I am currently trying to establish lentivirus production in HEK293T cell line. I have two packaging systems I could use:
- pLP1 / pLP2 / pVSV/G (from Invitrogen i think, we somehow have the plasmids separately)
- pCMVR8.92 (encodes gag/pol) / pRSV-rev (rev) / pMD.G (VSV env)
pCMVR8.92 is a gag-pol vector similar to pCMVR8.91 with a deletion in the Rev coding sequence afaik.
I have three different transfer vectors i would like to use:
- pLVX-dd-ZsGreen1 (Reporter System from Clontech)

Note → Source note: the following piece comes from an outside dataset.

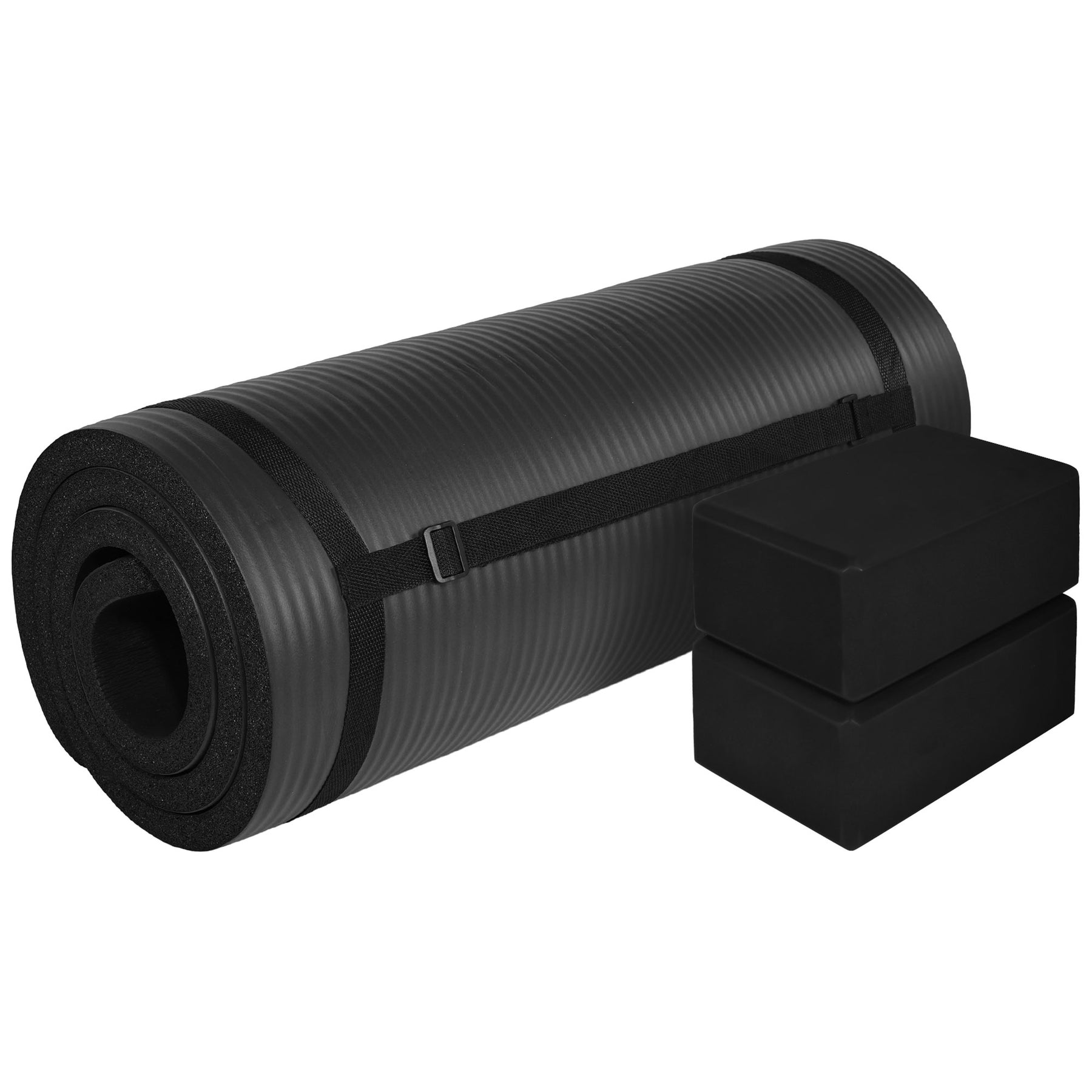 BalanceFrom 71"x24" Anti Tear Yoga Mat w/Strap, Pad & Blocks, Black(Open Box)

- pLKO.1 (commonly used shRNA vector)
- pMF359-IRES-EGFP (constructed lentiviral vector based on pNL-EGFPU3, see this publication: http://nar.oxfordjou...e113#GNF112TB1)
I seeded 7*10^5 HEK293T cells on a 3.5cm dish (6-well plate) and on the next day i did transfection with MetafectenePRO (Biontex) with following DNA amounts:
1ug of all packaging plasmids and env-plasmid, 2ug of transfer vector (I only tried pLVX and pMF so far)
Transfection worked since i had green cells the next day (when I also changed the media). Efficiency was around 60% (of course i can only say this for the transfer vector).
Unfortunately the harvested supernatant could not infect HEK293T or human melanoma cells (I added 200 ul cleared but unconcentrated supernatant to 80% confluent cells in a 6 well plate or 1.2 ml sup to 100mm plate)
Does anyone see an obvious error? Why do most protocols use Calcium-phosphate method for the transfection? I have a protocol from my lab which uses FuGene, but I think this is basically the same as MetafectenePRO.
What about the plasmid ratios? What i have seen online (e.g. lentiweb.com) people apply much transfer vector, less packaging plasmids, and even less envelope plasmid. Why? wouldn't it make more sense to make sure that every cell that takes up the transfer vector really contains the packaging and env plasmids? (e.g. make a ratio of 1:5:5:5 of transfer-vector:packaging-plasmids)
Any further suggestions?
Thanks for any answer.
Edited by loucash, 02 June 2010 - 01:11 AM.